The UTC field avoids false update decisions when code is run in sessions with different local time zones.

Working with the Parquet files

Once created, the Parquet files can be read by Arrow, DuckDB, Polars, or other tools.

Using R

In R, you could use load_parquet() from my farr package.

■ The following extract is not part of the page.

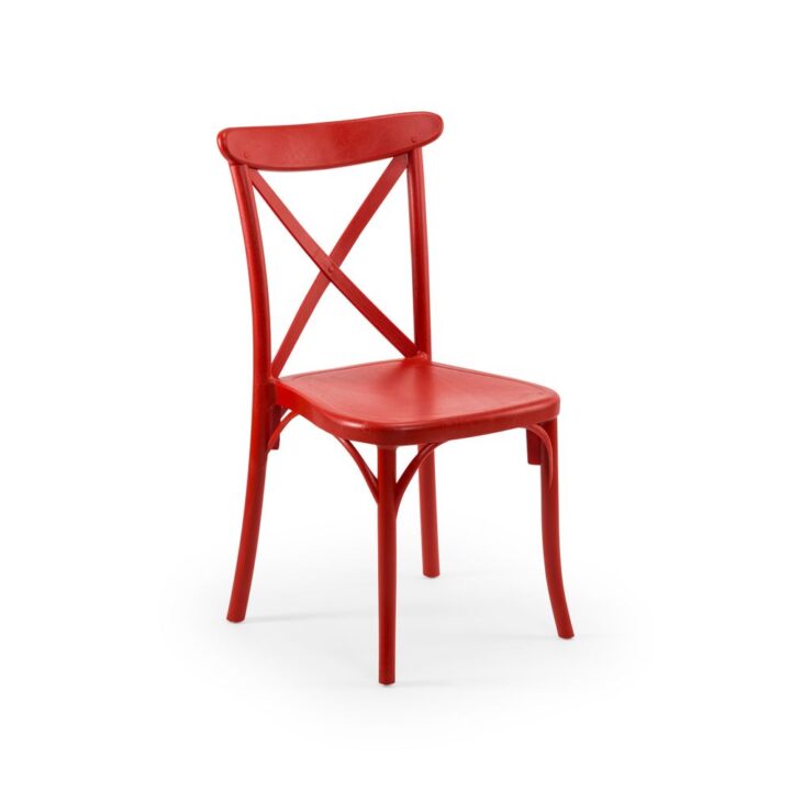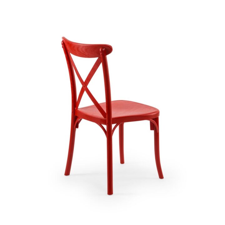 Stolica je izradjena od polipropilena (kvalitetne plastike), ojacana fiberglasom (staklenim vlaknima). Livena je u kalupu u jednom komadu. Pogodna za spoljasnji prostor, otporna na UV zrake i ostale vremenske uslove. Model je retro dizajna sa reljefom i teksturom drveta. Prakticna je za odlaganje jer je sloziva jedna na drugu. Plasticne stopice na nogarima onemogucavaju klizanje po glatkim podnim povrsinama.

library(dplyr, warn.conflicts = FALSE)
library(farr, warn.conflicts = FALSE)
library(DBI)

db <- dbConnect(duckdb::duckdb())

sub_notes <- load_parquet(db, "sub_notes_*", "dera_notes")

sub_notes |> 
  arrange(desc(accepted)) |> 
  select(adsh, cik, name, form, accepted)
#> # Source:     SQL [?? x 5]
#> # Database:   DuckDB 1.5.2 [root@Darwin 25.5.0:R 4.6.0/:memory:]
#> # Ordered by: desc(accepted)
#>    adsh                     cik name                   form  accepted           
#>    <chr>                  <int> <chr>                  <chr> <dttm>             
#>  1 0001493152-26-020705 1624326 PAVMED INC.            DEF … 2026-05-01 13:29:00
#>  2 0001193125-26-197921 1613780 DBV TECHNOLOGIES S.A.  8-K   2026-04-30 21:31:00
#>  3 0001213900-26-050440 1997201 PS INTERNATIONAL GROU… 20-F  2026-04-30 21:31:00
#>  4 0001104659-26-053195 1850235 D-MARKET ELECTRONIC S… 20-F  2026-04-30 21:30:00
#>  5 0001193125-26-197914 1602842 ORION DIGITAL CORP.    20-F  2026-04-30 21:30:00
#>  6 0001193125-26-197916 1045609 PROLOGIS, INC.         8-K   2026-04-30 21:30:00
#>  7 0001477932-26-002697 1854526 DYNAMIC AEROSPACE SYS… 8-K   2026-04-30 21:30:00
#>  8 0001193125-26-197911 1738177 CAMBIUM NETWORKS CORP  10-Q  2026-04-30 21:29:00
#>  9 0001213900-26-050434 2087587 COINSHARES PLC         20-F  2026-04-30 21:29:00
#> 10 0001493152-26-020770 1857086 TRUGOLF HOLDINGS, INC. 10-K… 2026-04-30 21:29:00
#> # ℹ more rows

See the published R edition of Empirical Research in Accounting: Tools and Methods for more examples using farr and Parquet files.

Using Python Polars

In Python Polars, the same repository can be scanned using era_pl:

from era_pl import load_parquet

sub_notes = load_parquet("sub_notes_*", "dera_notes")

(
    sub_notes
    .sort("accepted", descending=True) 
    .select("adsh", "cik", "name", "form", "accepted")
    .show()
)
#> shape: (5, 5)
#> ┌──────────────────────┬─────────┬────────────────────────┬─────────┬─────────────────────────┐
#> │ adsh                 ┆ cik     ┆ name                   ┆ form    ┆ accepted                │
#> │ ---                  ┆ ---     ┆ ---                    ┆ ---     ┆ ---                     │
#> │ str                  ┆ i32     ┆ str                    ┆ str     ┆ datetime[μs,            │
#> │                      ┆         ┆                        ┆         ┆ America/New_York]       │
#> ╞══════════════════════╪═════════╪════════════════════════╪═════════╪═════════════════════════╡
#> │ 0001493152-26-020705 ┆ 1624326 ┆ PAVMED INC.            ┆ DEF 14A ┆ 2026-05-01 09:29:00 EDT │
#> │ 0001193125-26-197921 ┆ 1613780 ┆ DBV TECHNOLOGIES S.A.  ┆ 8-K     ┆ 2026-04-30 17:31:00 EDT │
#> │ 0001213900-26-050440 ┆ 1997201 ┆ PS INTERNATIONAL GROUP ┆ 20-F    ┆ 2026-04-30 17:31:00 EDT │
#> │                      ┆         ┆ LTD.                   ┆         ┆                         │
#> │ 0001193125-26-197916 ┆ 1045609 ┆ PROLOGIS, INC.         ┆ 8-K     ┆ 2026-04-30 17:30:00 EDT │
#> │ 0001193125-26-197914 ┆ 1602842 ┆ ORION DIGITAL CORP.    ┆ 20-F    ┆ 2026-04-30 17:30:00 EDT │
#> └──────────────────────┴─────────┴────────────────────────┴─────────┴─────────────────────────┘

See the Python Polars edition of Empirical Research in Accounting: Tools and Methods for more examples using era_pl and Parquet files.